"Heavier than air flying machines are not possible." Lord Kelvin, President of the Royal Society, 1895
"Stocks have reached what looks like a permanently high plateau." Irving Fisher, Professor of Economics, Yale University, 1929
"I think there is a world market for maybe five computers". Thomas Watson, Chairman of IBM, 1943
"The Great Horse-Manure Crisis of 1894" was a title of an article published in 2004. The name refers to a supposed 1894 publication in
The Times, which said, "In 50 years, every street in London will be buried under nine feet of manure". The reasoning was that more horses are needed to remove the manure, and these horses produce more manure. I believe no one needs to go to London to ensure that the city's streets are clean and that the air doesn't smell of horse excrement.

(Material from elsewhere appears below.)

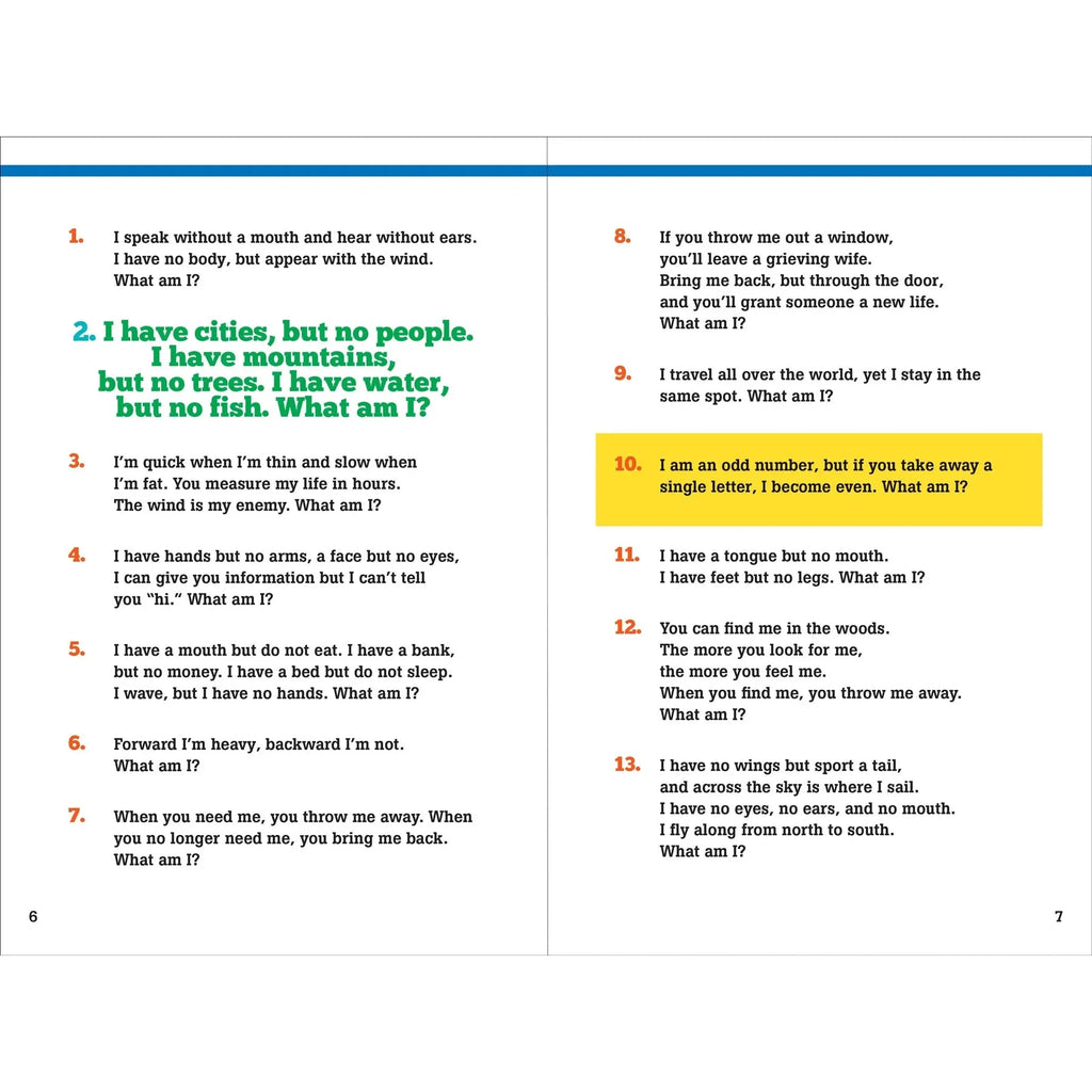 500 Riddles for Clever Kids is packed with riddles that will entertain and encourage kids to think in new ways. Riddles help with logical thinking and spotting connections between different circumstances. They also help improve problem-solving skills and concentration, and foster creativity and lateral thinking.

As I mentioned in one of my previous
posts, humans are inferior future thinkers, and there is scientific evidence of it. The future thinking skills were not evolutionary conditioned – our ancestors could survive and breed without them, so our brains are not equipped with such machinery. We are stuck in one point we call "present." Our memories are sketchy and inaccurate, and our thoughts about the future are wage. But that doesn't mean we are doomed to wait for our future passively. We can influence it.
Steve Jobs once said that an eagle flies faster than a human runs. So, in terms of moving speed, an eagle outcompetes a human being by nature. But a human on a bike can move faster than an eagle. Therefore, people can overcome their biological weaknesses by using their mental power. It also works this way when it comes to the future.